◆ Data records:
• • • •

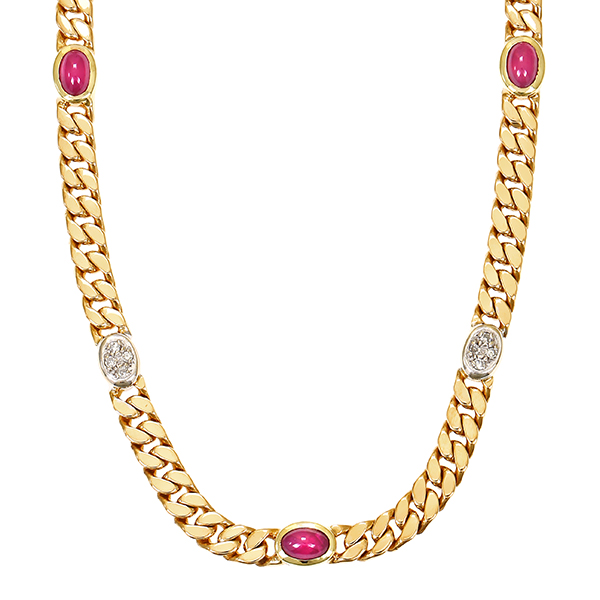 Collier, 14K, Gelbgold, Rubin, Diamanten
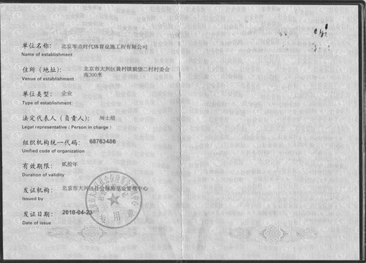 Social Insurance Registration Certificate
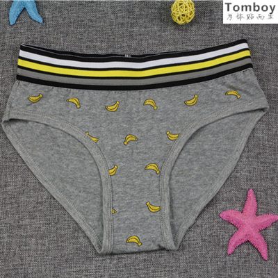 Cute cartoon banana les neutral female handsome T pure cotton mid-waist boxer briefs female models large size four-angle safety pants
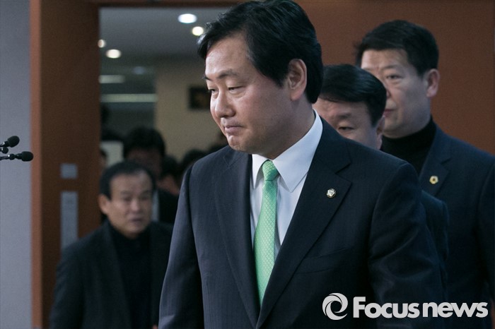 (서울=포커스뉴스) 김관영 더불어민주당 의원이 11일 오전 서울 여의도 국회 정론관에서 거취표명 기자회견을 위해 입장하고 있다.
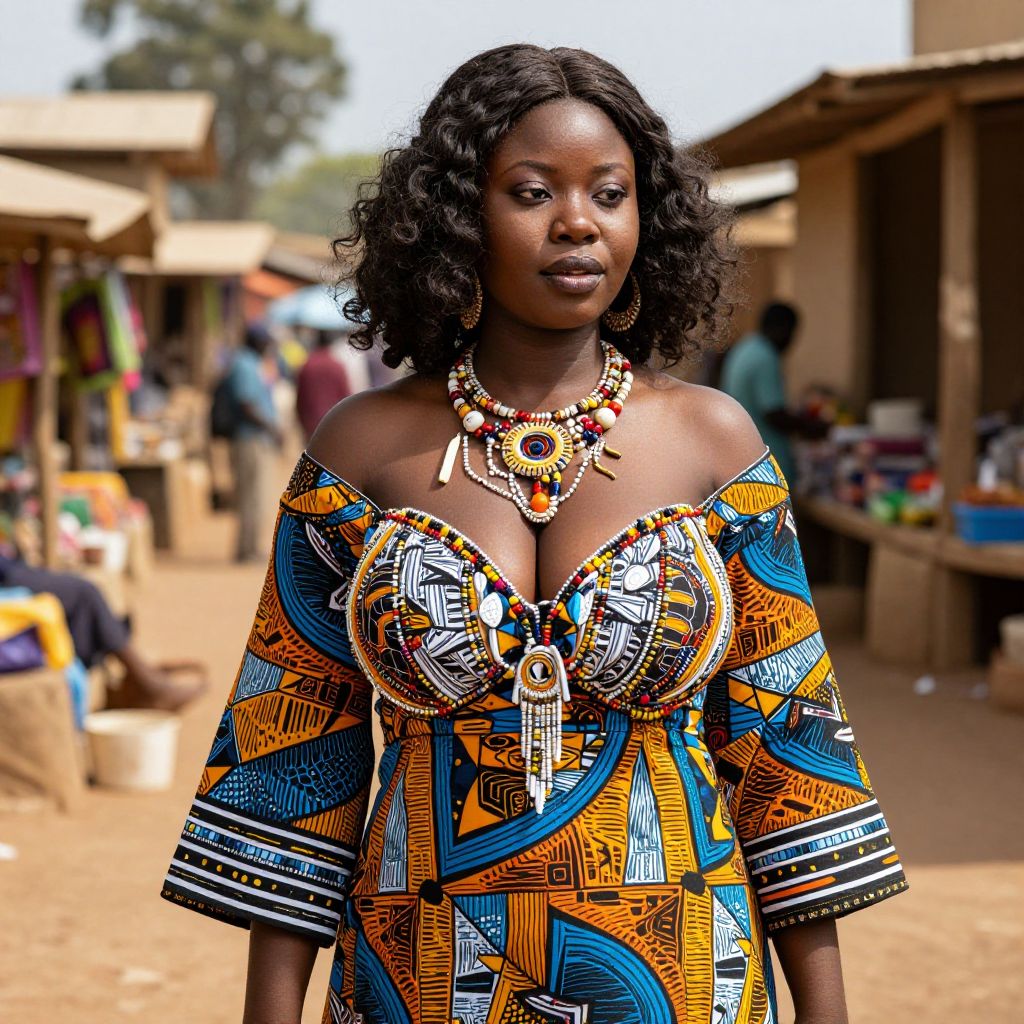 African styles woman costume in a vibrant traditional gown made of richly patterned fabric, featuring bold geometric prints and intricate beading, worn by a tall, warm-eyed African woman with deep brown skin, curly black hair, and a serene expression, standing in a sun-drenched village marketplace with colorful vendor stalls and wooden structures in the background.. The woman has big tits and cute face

• • • •

◆ Required work: Copy exactly and only this span: the line with "Cute cartoon banana" through the final line of the entries, both ends included, with the pictures left out.

◆ Solved problem:
 Cute cartoon banana les neutral female handsome T pure cotton mid-waist boxer briefs female models large size four-angle safety pants
 (서울=포커스뉴스) 김관영 더불어민주당 의원이 11일 오전 서울 여의도 국회 정론관에서 거취표명 기자회견을 위해 입장하고 있다.
 African styles woman costume in a vibrant traditional gown made of richly patterned fabric, featuring bold geometric prints and intricate beading, worn by a tall, warm-eyed African woman with deep brown skin, curly black hair, and a serene expression, standing in a sun-drenched village marketplace with colorful vendor stalls and wooden structures in the background.. The woman has big tits and cute face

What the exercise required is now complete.